Exercise:
Leave the pictures out and repeat the rest of the data below exactly.

Supplied information:
________________
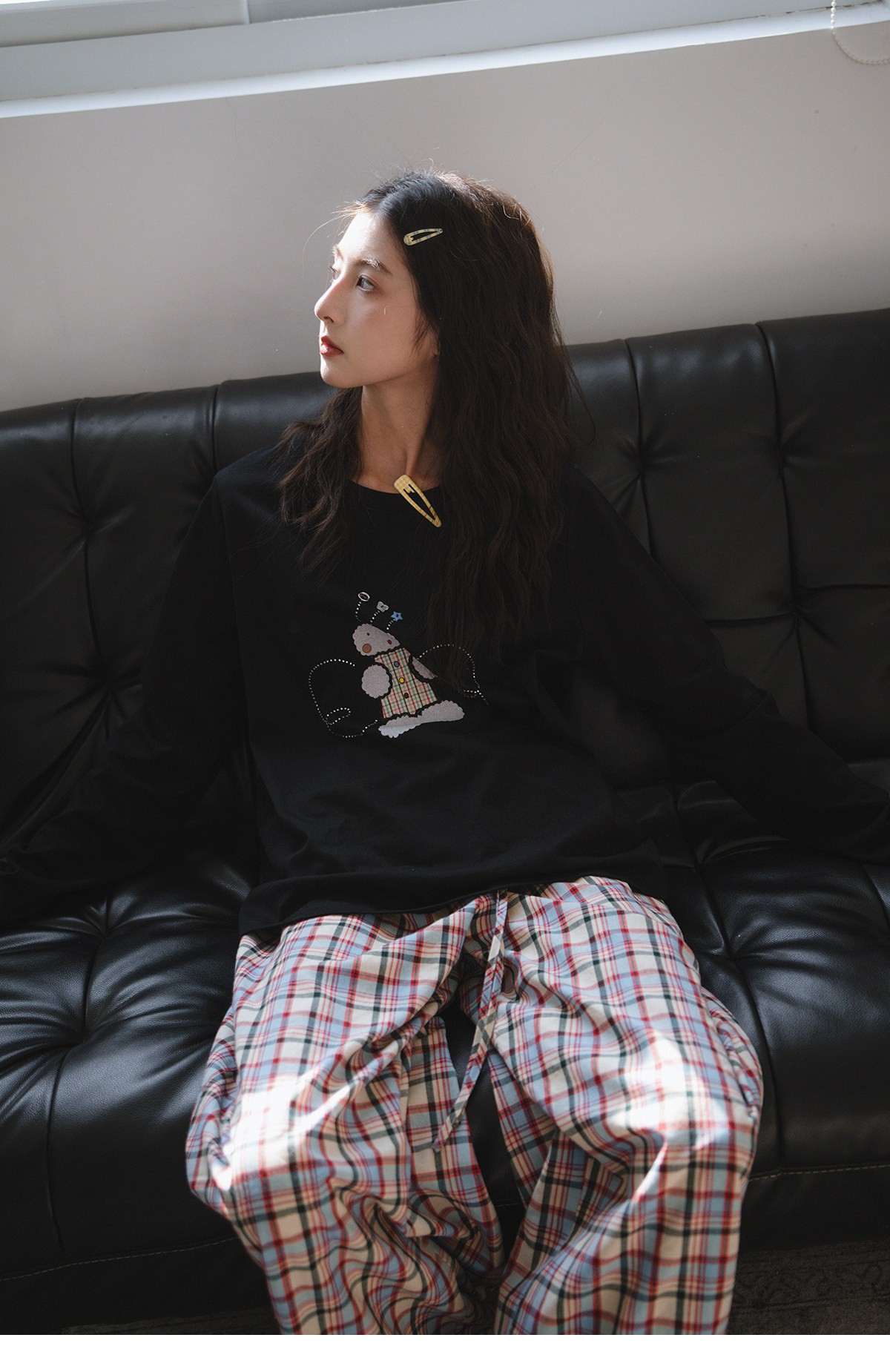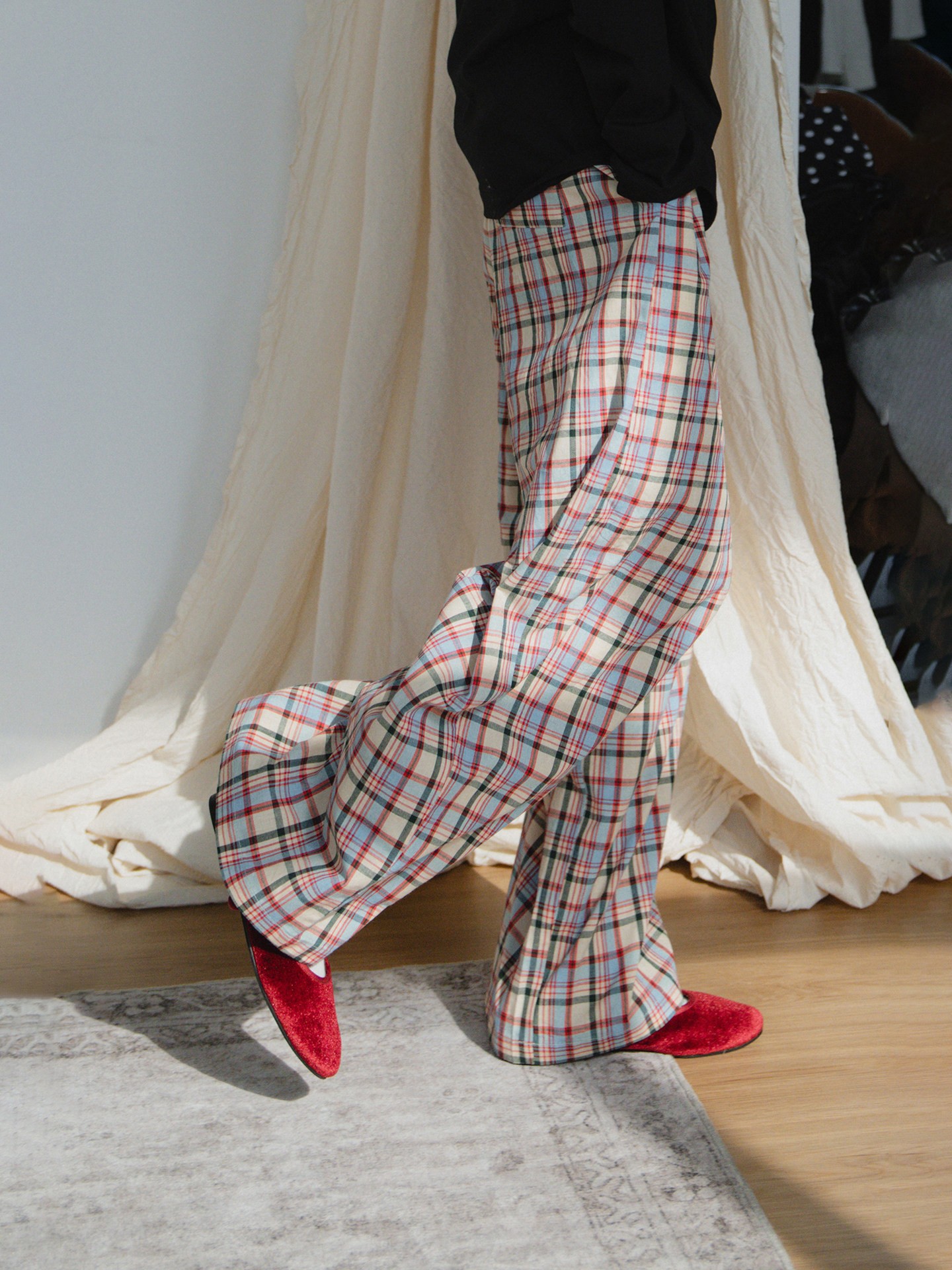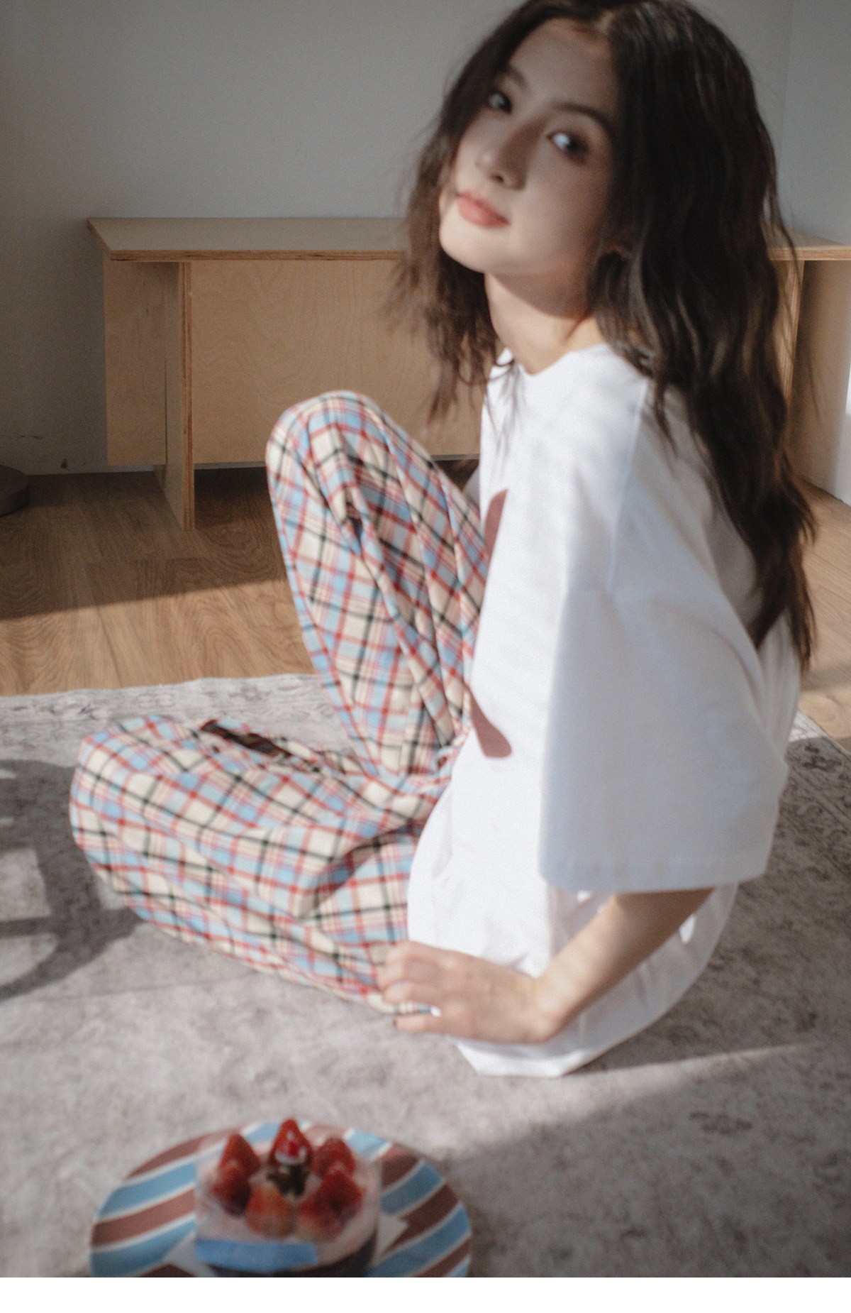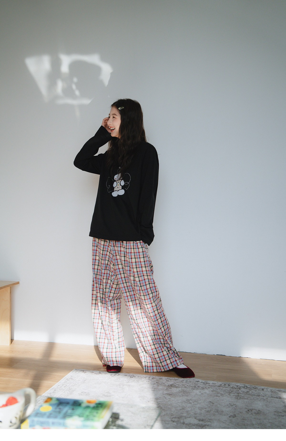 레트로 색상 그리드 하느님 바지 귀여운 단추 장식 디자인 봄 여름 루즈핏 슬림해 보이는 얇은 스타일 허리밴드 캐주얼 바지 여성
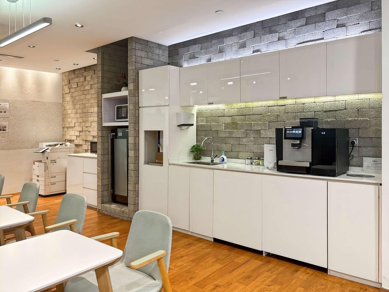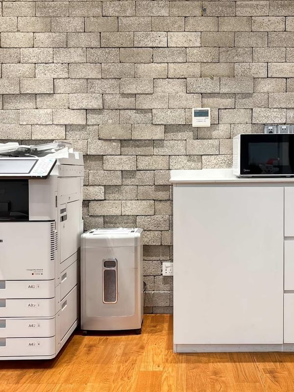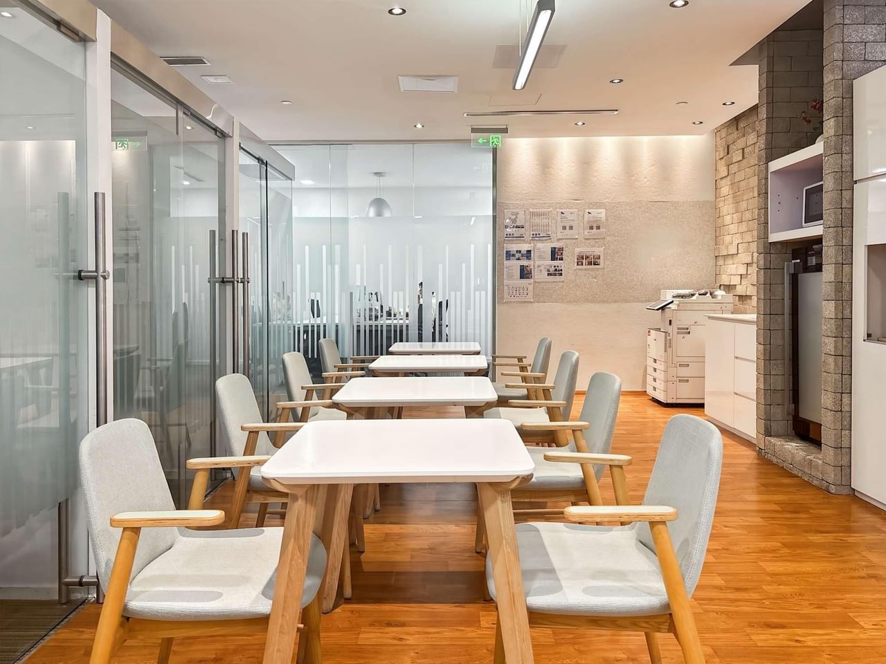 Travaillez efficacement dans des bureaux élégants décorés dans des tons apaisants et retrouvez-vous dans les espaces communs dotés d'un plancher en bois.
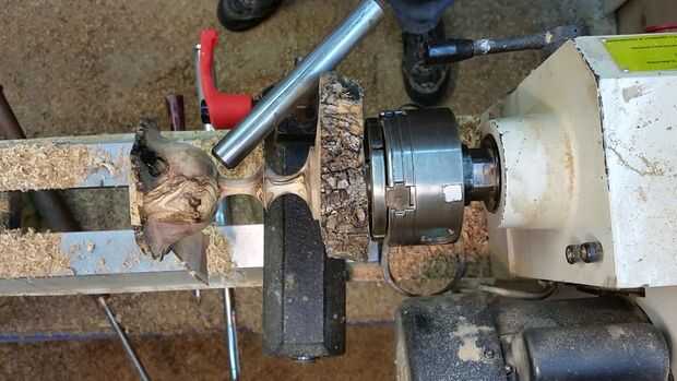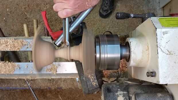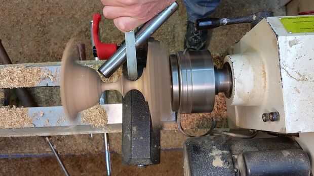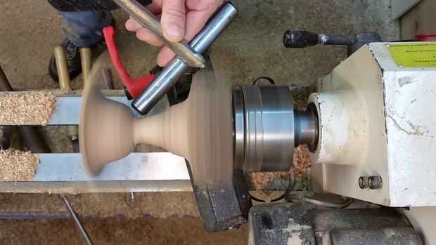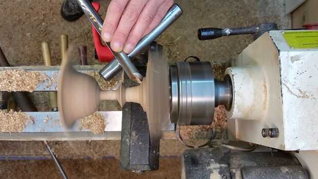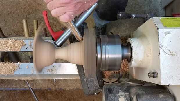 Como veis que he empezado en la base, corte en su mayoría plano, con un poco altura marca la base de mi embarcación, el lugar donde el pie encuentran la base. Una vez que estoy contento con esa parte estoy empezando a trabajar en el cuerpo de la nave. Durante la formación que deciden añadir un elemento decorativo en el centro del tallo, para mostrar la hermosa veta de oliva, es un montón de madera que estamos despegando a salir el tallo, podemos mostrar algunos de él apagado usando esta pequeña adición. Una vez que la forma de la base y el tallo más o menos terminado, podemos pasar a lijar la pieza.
________________
Answer to this problem:
 레트로 색상 그리드 하느님 바지 귀여운 단추 장식 디자인 봄 여름 루즈핏 슬림해 보이는 얇은 스타일 허리밴드 캐주얼 바지 여성
 Travaillez efficacement dans des bureaux élégants décorés dans des tons apaisants et retrouvez-vous dans les espaces communs dotés d'un plancher en bois.
 Como veis que he empezado en la base, corte en su mayoría plano, con un poco altura marca la base de mi embarcación, el lugar donde el pie encuentran la base. Una vez que estoy contento con esa parte estoy empezando a trabajar en el cuerpo de la nave. Durante la formación que deciden añadir un elemento decorativo en el centro del tallo, para mostrar la hermosa veta de oliva, es un montón de madera que estamos despegando a salir el tallo, podemos mostrar algunos de él apagado usando esta pequeña adición. Una vez que la forma de la base y el tallo más o menos terminado, podemos pasar a lijar la pieza.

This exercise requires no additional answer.